WHAT THE EXERCISE ASKS:
Give back, exactly as written, the lines from the first line of the data below through the line with "Il Maestro Laurence", and omit the pictures.

________

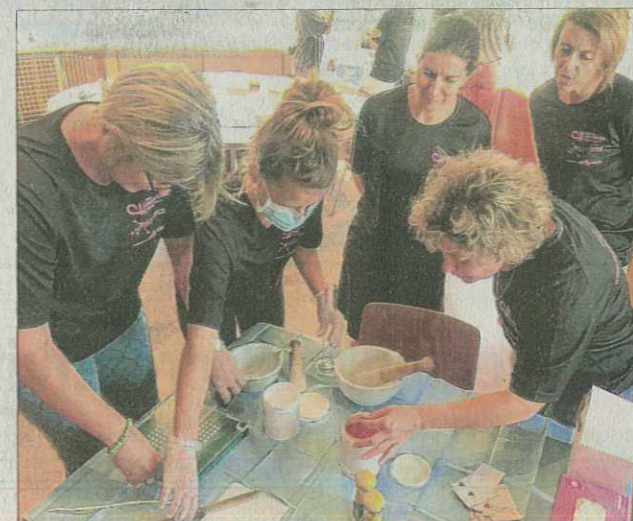
Un atelier était organisé pour apprendre à faire des gélules.

De nouvelles acquisitions exceptionnelles au fonds patrimonial de la médiathèque
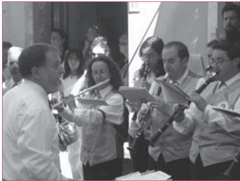
Il Maestro Laurence Wilde ed alcuni strumentisti.

Il corpo bandistico è aumentato numericamente negli ultimi tempi e questo grazie al rientro di alcuni elementi e alla scuola che come nel lontano 1882 continua ogni anno a istruire allievi. Ma un problema esiste per la Banda di Coreglia, si tratta di un motivo di crisi ancora
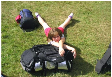
Tomu se říká padnout za vlast
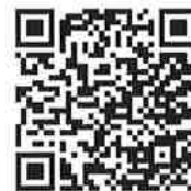
四日市市 安全安心防災メール
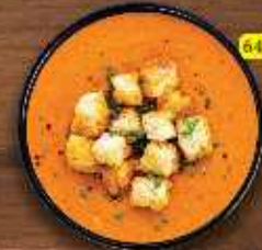
شوربة صم Tomato Soup DHS. 12
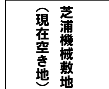
芝浦機械敷地 (現在空き地)
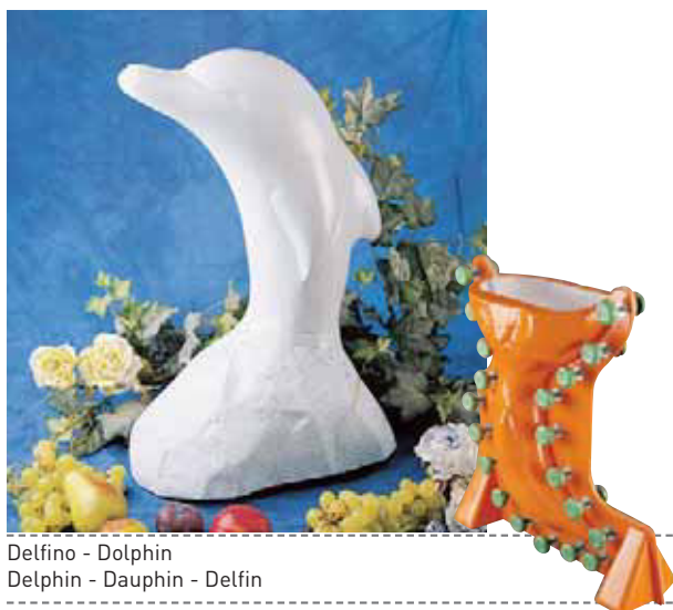
Delfino - Dolphin Delphin - Dauphin - Delfin

Reusable moulds for ice sculptures made of special plastic with an additional external orange coating of resin which makes the two shells more elastic and more resistant against ice expansion. The silicone trimming inside the shell and the fixing screws do not let the water come out. We suggest to fill the mould with water and small ice cubes. In order to obtain a more transparent sculpture we suggest to prolong the freezing process as much as possible. Recommended temperature between -10^{\circ}\text{C} and -20^{\circ}\text{C} . Before opening the mould leave it at room temperature for 10 minutes then open the mould horizontally on a table and extract the sculpture. Remove exiding ice with a cutter and polish the sculpture with a mini torch and/or a cloth.
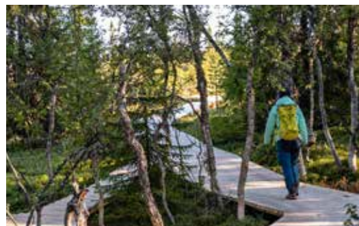
WANDEL/FIETS HET PANORAMAPAD
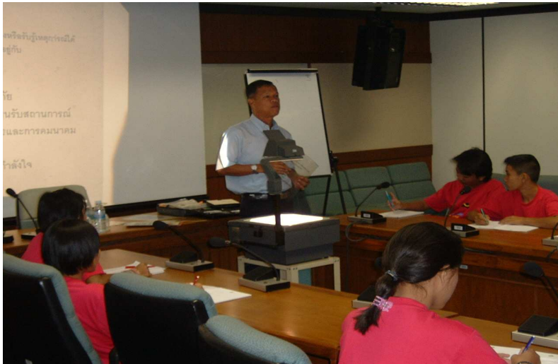
วิทยากร จากกองกำกับการดับเพลิง มาให้ความรู้ เรื่อง การซ่อมแผนฉุกเฉิน

________

SOLVED EXERCISE:
Un atelier était organisé pour apprendre à faire des gélules.

De nouvelles acquisitions exceptionnelles au fonds patrimonial de la médiathèque
Il Maestro Laurence Wilde ed alcuni strumentisti.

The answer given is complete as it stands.